** TASK TO COMPLETE **
Repeat all the data exactly, and where a record holds a picture, leave that picture out.
=-=-=-=-=
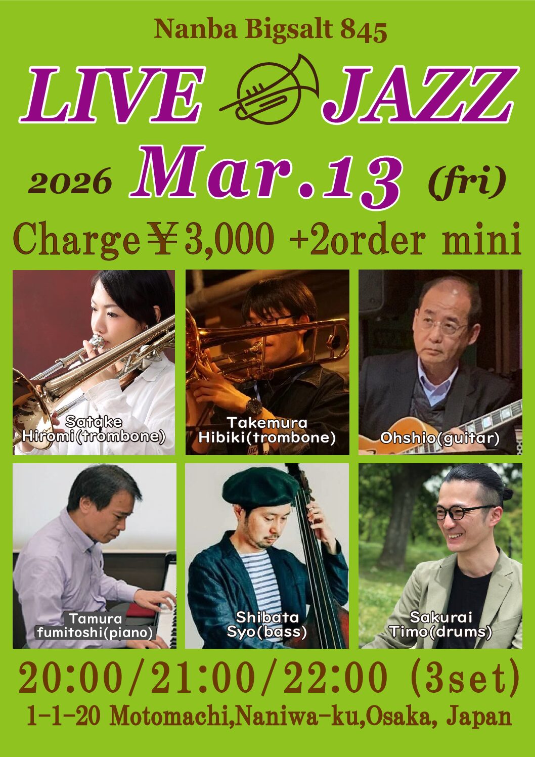 佐竹寛美(tb),宮澤優樹(tb), 田村文利 (p), Oshio(g),芝田奨(b), 櫻井ティモ(ds)
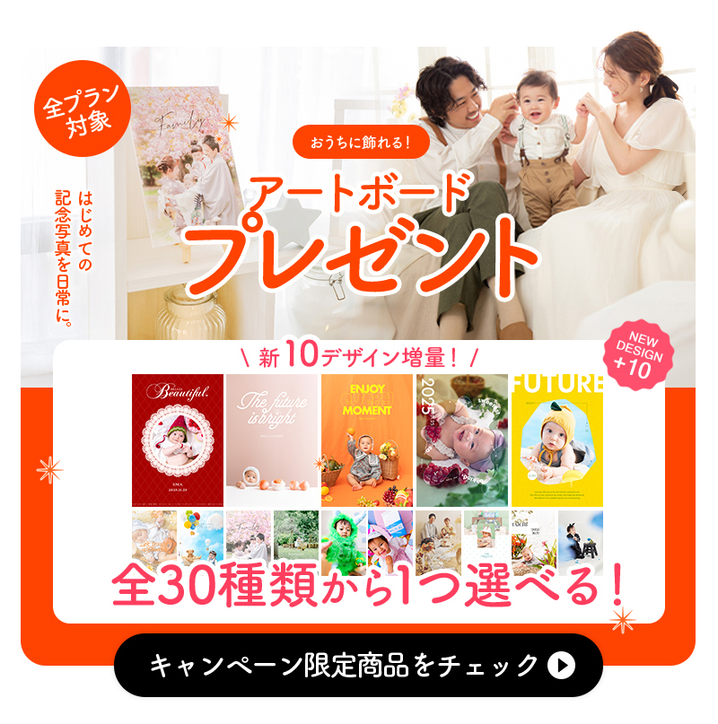 【ベビー / 七五三限定特典】はじめての記念写真を日常に。写真工房ぱれっと非売品商品『アートボード』をプレゼント!大好評につき、ベビー新デザインが10種類増量中!
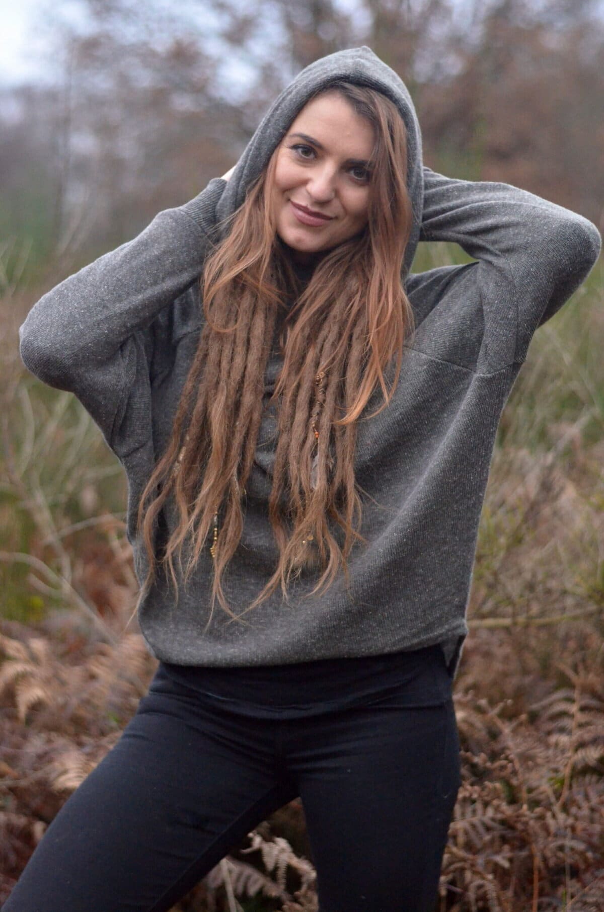 Der Pullover fällt im leichten Zipfelllook und kommt mit einer bequemen Kapuze als Hoodie daher. Die Ärmel fallen locker mit einem zipfeligen Schnitt und können dank einem kleinen Daumenloch als wärmende Stulpen getragen werden.
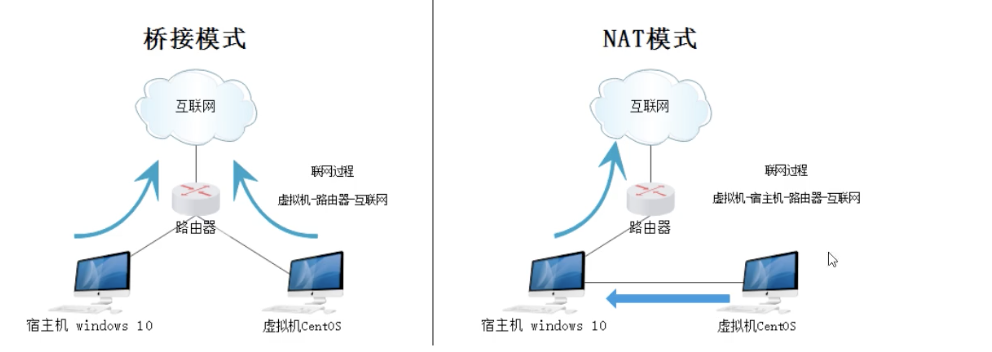 使用桥接模式的虚拟机系统和宿主机的关系,就像是连接在同一个hub上的两台电脑
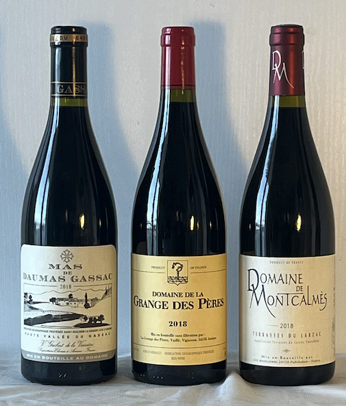 avec les IGP Pays d’Hérault (La Grange des Pères, Daumas Gassac…) IGP Pays d’Oc (G. Bertrand,
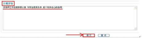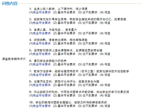 网上评教总共十题,每题最高10分,最低2分,有五个分值选项。最下面的“主观评价”栏目中员工可填写对教师的主观评价。如下图2-2所示。
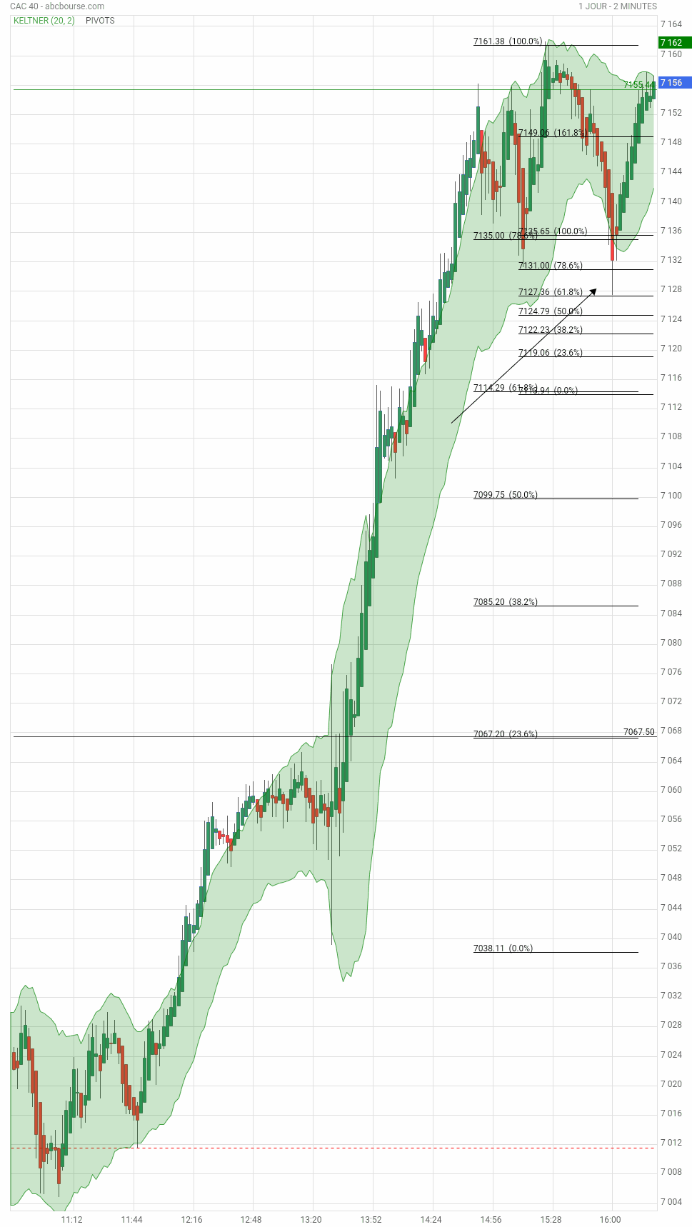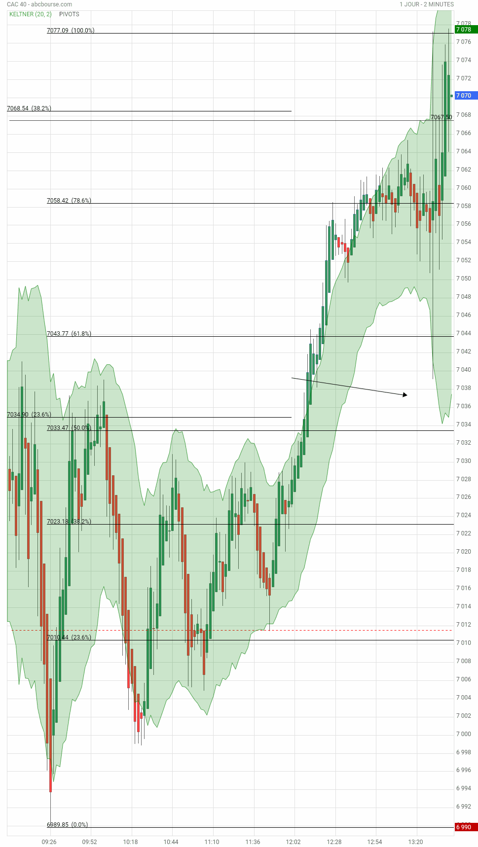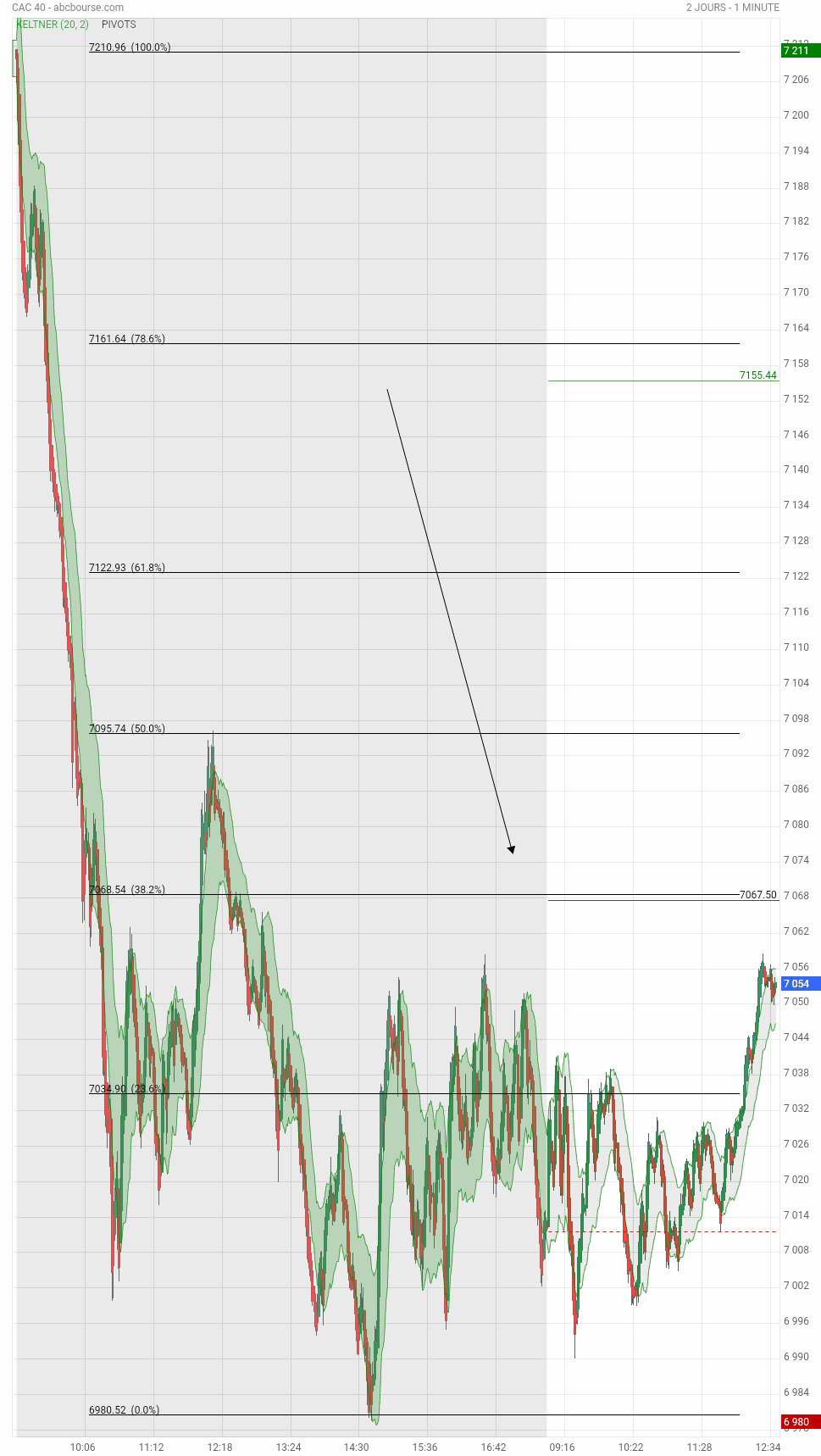 Vue 2 jours ici. On se rapproche des 38% de retracement, 7066 environ.
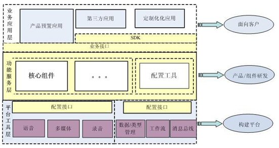 功能服務(wù)層是軟件研發(fā)的重點(diǎn),它在基礎(chǔ)技術(shù)平臺之上形成一個個核心組件,構(gòu)成應(yīng)用軟件產(chǎn)品的核心內(nèi)容,相對于直接面向客戶的應(yīng)用層來講,為二級層面,也可以理解為內(nèi)部組件,提供服務(wù)管理、配置管理,并提供全面的呼叫中心系統(tǒng)功能,完成“以客戶為中心”的服務(wù)請求->基本業(yè)務(wù)->客戶資料管理->主動服務(wù)的閉環(huán)全過程,這個層面體現(xiàn)了軟件開發(fā)商的專業(yè)性。
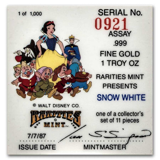 Pièce d'or ronde de 1 oz - Blanche-Neige 50e anniversaire (Blanche-Neige, avec boîte et certificat d'authenticité)
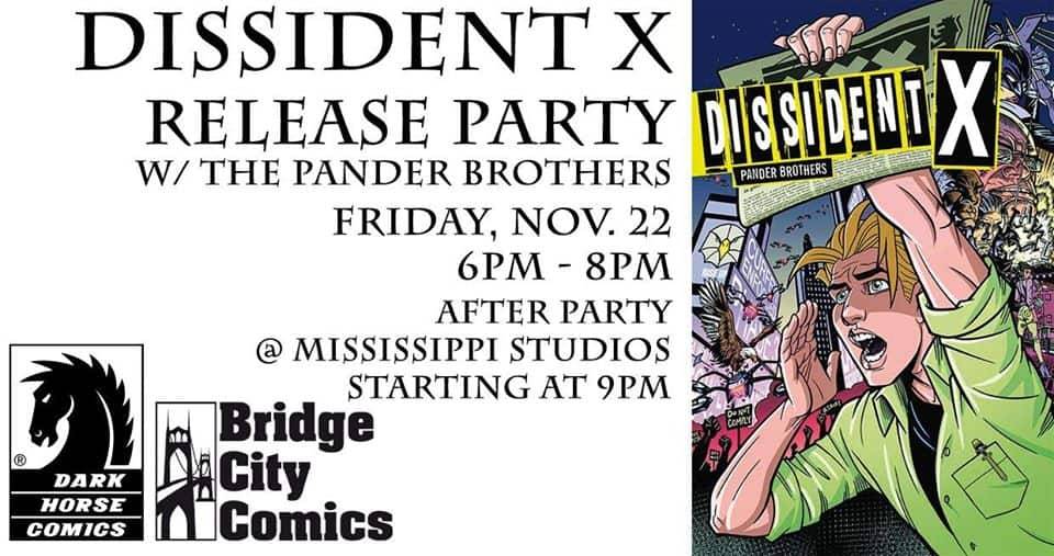 Immediately following their book signing at Bridge City Comics, join the Pander Brothers and friends for a celebration of their new graphic novel release DISSIDENT X, 9-11pm at Mississippi Studios outdoor back patio, with guest DJ PO spinning a 90s soundtrack inspired by the Pander Brothers 424-page sci-fi political thriller, and graphic novel video projections. Join the party and pick up your signed copy of DISSIDENT X.
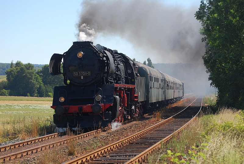 50 3708-0 mit dem SDZ nach Altenbeken, am 5.7.2009 kurz vor Stadtoldendorf
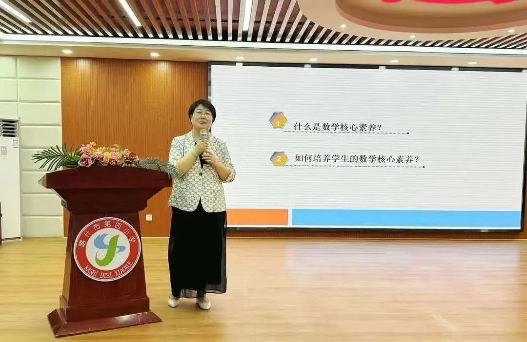 5月29日,喀什市150余名数学骨干教师齐聚喀什市第四小学,观看了周桂玲老师和该校国培参训学员赵志惠老师的同课异构课程《平均数》,以及周老师专题讲座《怎样在课堂教学中渗透核心素养》。葛文双为本次活动做总结,他希望数学教学要多从身边的资源、多从身边的实例、多从孩子的角度去探究和教授。他希望大家不断追求专业发展,不断超越自己,奋力彰显新时代教育家精神。
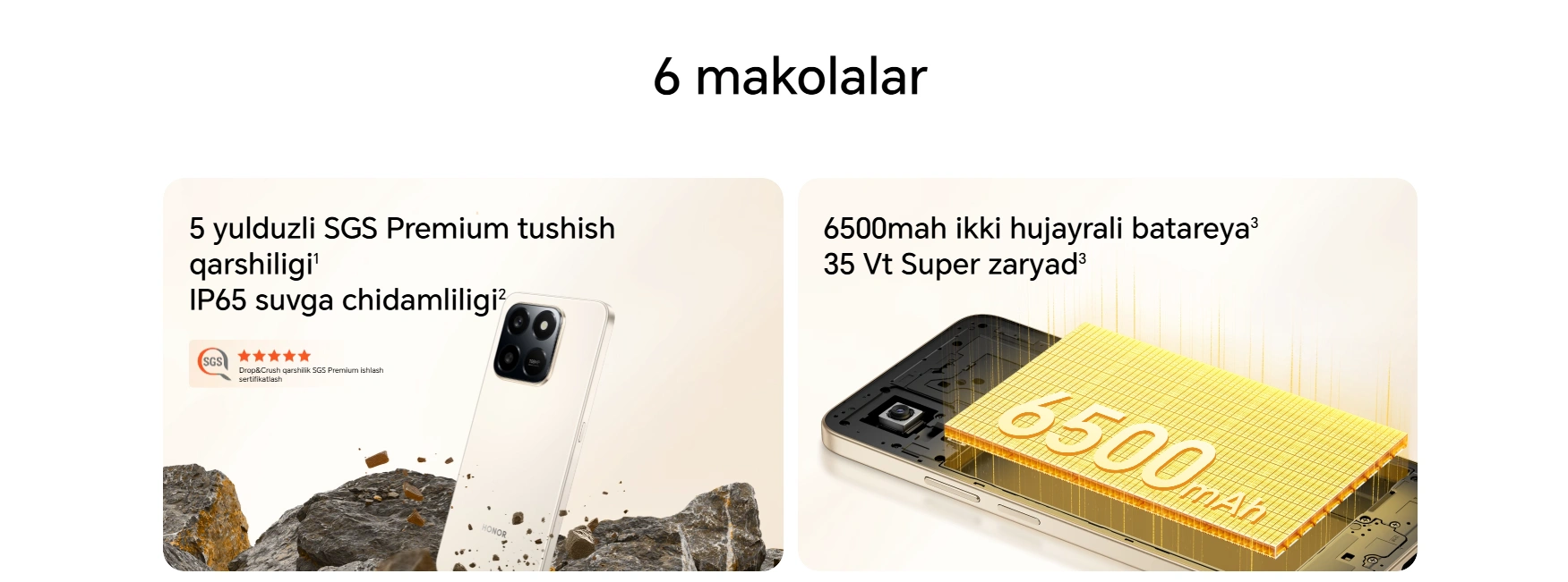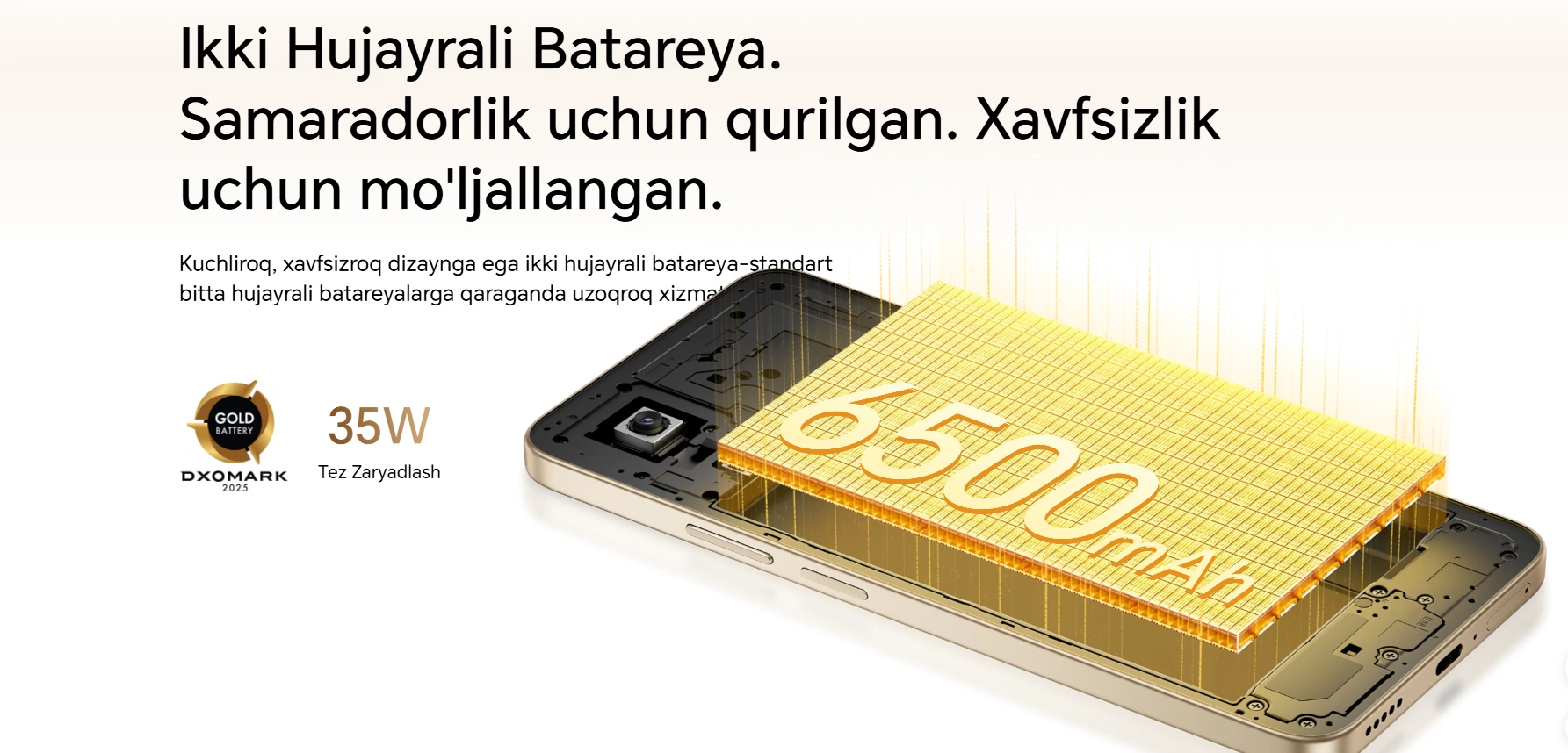 - 🔋 Kuchli 6500 mA·s batareya — ikki elementli tuzilma va 35 Vt tezkor zaryadlanish.
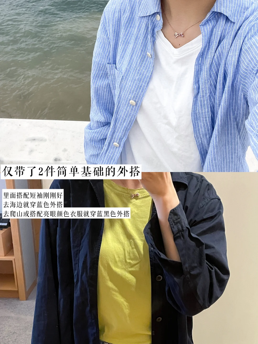 外出旅行捉摸不准天气,带着衬衫外搭能一衣多穿。我带了2件衬衫外搭,去海边就穿海蓝色条纹外搭,搭配海景真的很出片。去森林登山就穿黑色外搭,精简后越来越喜欢简单设计,不带多,衣服都能搭配。
=-=-=-=-=
** RESULT **
 佐竹寛美(tb),宮澤優樹(tb), 田村文利 (p), Oshio(g),芝田奨(b), 櫻井ティモ(ds)
 【ベビー / 七五三限定特典】はじめての記念写真を日常に。写真工房ぱれっと非売品商品『アートボード』をプレゼント!大好評につき、ベビー新デザインが10種類増量中!
 Der Pullover fällt im leichten Zipfelllook und kommt mit einer bequemen Kapuze als Hoodie daher. Die Ärmel fallen locker mit einem zipfeligen Schnitt und können dank einem kleinen Daumenloch als wärmende Stulpen getragen werden.
 使用桥接模式的虚拟机系统和宿主机的关系,就像是连接在同一个hub上的两台电脑
 avec les IGP Pays d’Hérault (La Grange des Pères, Daumas Gassac…) IGP Pays d’Oc (G. Bertrand,
 网上评教总共十题,每题最高10分,最低2分,有五个分值选项。最下面的“主观评价”栏目中员工可填写对教师的主观评价。如下图2-2所示。
 Vue 2 jours ici. On se rapproche des 38% de retracement, 7066 environ.
 功能服務(wù)層是軟件研發(fā)的重點(diǎn),它在基礎(chǔ)技術(shù)平臺之上形成一個個核心組件,構(gòu)成應(yīng)用軟件產(chǎn)品的核心內(nèi)容,相對于直接面向客戶的應(yīng)用層來講,為二級層面,也可以理解為內(nèi)部組件,提供服務(wù)管理、配置管理,并提供全面的呼叫中心系統(tǒng)功能,完成“以客戶為中心”的服務(wù)請求->基本業(yè)務(wù)->客戶資料管理->主動服務(wù)的閉環(huán)全過程,這個層面體現(xiàn)了軟件開發(fā)商的專業(yè)性。
 Pièce d'or ronde de 1 oz - Blanche-Neige 50e anniversaire (Blanche-Neige, avec boîte et certificat d'authenticité)
 Immediately following their book signing at Bridge City Comics, join the Pander Brothers and friends for a celebration of their new graphic novel release DISSIDENT X, 9-11pm at Mississippi Studios outdoor back patio, with guest DJ PO spinning a 90s soundtrack inspired by the Pander Brothers 424-page sci-fi political thriller, and graphic novel video projections. Join the party and pick up your signed copy of DISSIDENT X.
 50 3708-0 mit dem SDZ nach Altenbeken, am 5.7.2009 kurz vor Stadtoldendorf
 5月29日,喀什市150余名数学骨干教师齐聚喀什市第四小学,观看了周桂玲老师和该校国培参训学员赵志惠老师的同课异构课程《平均数》,以及周老师专题讲座《怎样在课堂教学中渗透核心素养》。葛文双为本次活动做总结,他希望数学教学要多从身边的资源、多从身边的实例、多从孩子的角度去探究和教授。他希望大家不断追求专业发展,不断超越自己,奋力彰显新时代教育家精神。
 - 🔋 Kuchli 6500 mA·s batareya — ikki elementli tuzilma va 35 Vt tezkor zaryadlanish.
 外出旅行捉摸不准天气,带着衬衫外搭能一衣多穿。我带了2件衬衫外搭,去海边就穿海蓝色条纹外搭,搭配海景真的很出片。去森林登山就穿黑色外搭,精简后越来越喜欢简单设计,不带多,衣服都能搭配。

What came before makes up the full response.